Consider QCD, with three flavors of massless quarks, we like to focus on the possible Cooper paired phases.

For 3 quarks $(u,c,d)$ and 3 colors $(r,g,b)$, the Cooper pairs cannot be flavor singlets, and both color and flavor symmetries are broken. The attractive channel favored by 1-gluon exchange is known as “color-flavor locking.” A condensate involving left-handed quarks alone locks $SU(3)_L$ flavor rotations to $SU(3)_{color}$, in the sense that the condensate is not symmetric under either alone, but is symmetric under the simultaneous $SU(3)_{L+color}$ rotations. A condensate involving right-handed quarks alone locks $SU(3)_R$ flavor rotations to $SU(3)_{color}$. Because color is vectorial, the result is to breaking chiral symmetry. Thus, in quark matter with three massless quarks, the $SU(3)_{color} \times SU(3)_L \times SU(3)_R \times U(1)_B$ (the last one is baryon) symmetry is broken down to the global diagonal $SU(3)_{color+L+R}$ group.

question:

1) How many quarks among nine ($(u,c,d) \times (r,g,b)$) have a dynamical energy gap? What are they?

2) How many among the eight gluons get a mass? What are they?

3) How many massless Nambu-Goldstone bosons there are? What are they? How to describe them?
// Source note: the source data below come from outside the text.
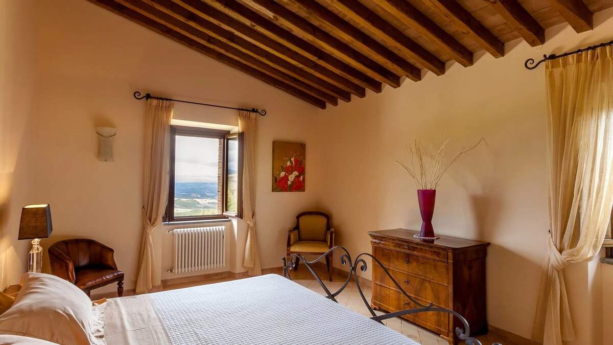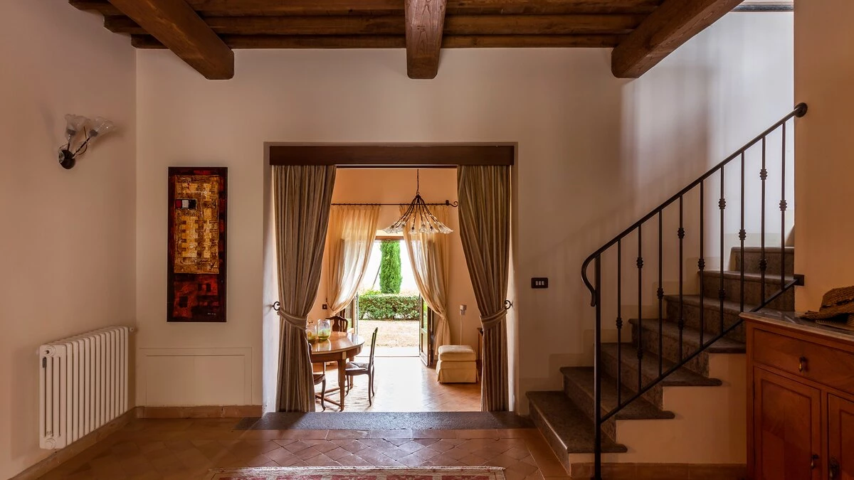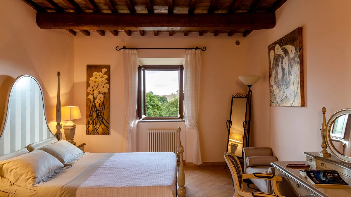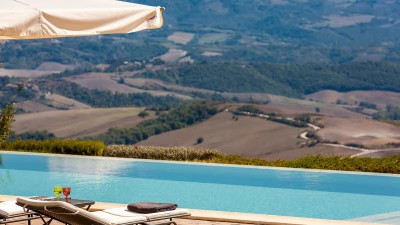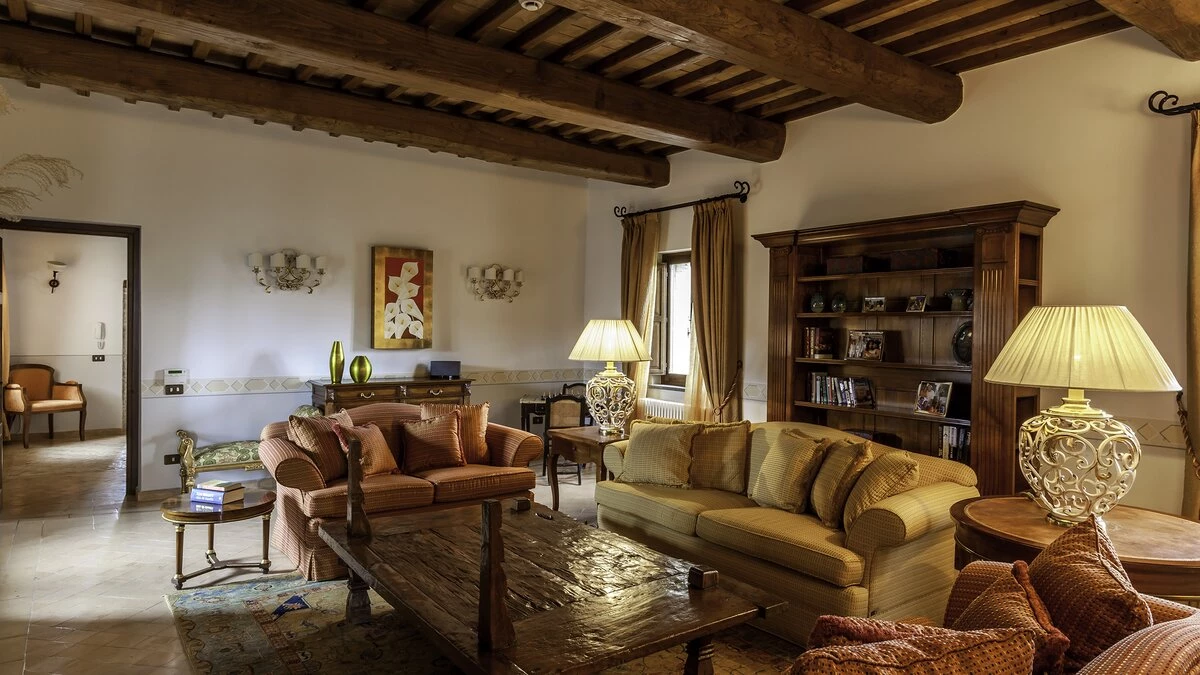 Set in a hillside location amongst olive trees, with endless views of Umbria’s countryside, Villa Chianina is the ideal holiday destination for large families or groups of friends looking for a relaxing retreat in a private location. A courtyard connecting the Main Villa and the Guest House overlooks the private infinity pool, with plenty of sun loungers to relax while gazing out over the landscape stretching out below. This property has a typical Italian design and is furnished in a country-chic style with state-of-the-art facilities for extra comfort. With wooden-beamed ceilings, pastel tones and modern furnishings, Villa Chianina is an elegant blend of traditional and contemporary luxury. There are numerous outdoor spaces, from the covered al fresco dining and barbecue area, to the various seating and lounge zones throughout the property. The Main Villa boasts a luxurious entrance hall, a well-equipped kitchen, a breakfast room, and dining room on the ground floor.The upper level includes a TV room, an exclusive bar, a snooker room and a lounge opening to the balcony. The second floor is made up of a master double bedroom with private bathroom and a double bedroom with shower room en suite; the remaining double bedroom with shower room en suite is on the third floor.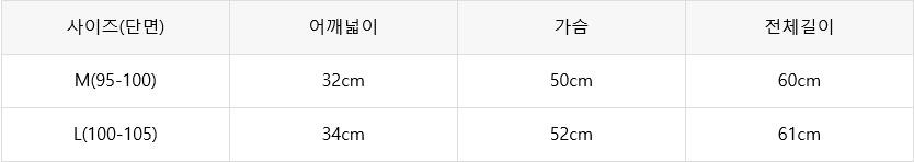 - 사이즈는 재는 방법에따라 약간씩 다를 수 있으며, 기성복으로 대량생산하기 때문에 사이즈는 약간씩 오차가 있을 수 있습니다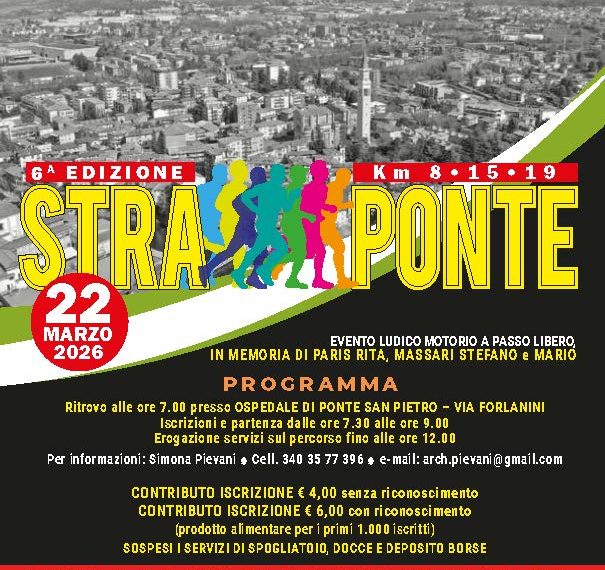 Domenica 22 marzo 2026 torna la Straponte, la camminata non competitiva giunta alla sua sesta edizione, appuntamento ormai consolidato per il territorio e occasione di incontro all’insegna dello sport e della condivisione.

This post imported from StackExchange Physics at 2020-10-28 19:05 (UTC), posted by SE-user annie marie heart
asked Apr 1, 2017 in Theoretical Physics by annie marie heart (1,205 points) [ no revision ]
The mid paragraph and the formulation of this question are my attempt to answer the question. The Goldstone theorem tells us that the Goldstone boson lives on the coset space of |original group/unbroken group|, but for this example, it is subtler because Goldstone boson can be eaten by gauge fields. So this counting is more subtle. I have my own counting, but I do not like to bias the readers. Also I do not know it is correct.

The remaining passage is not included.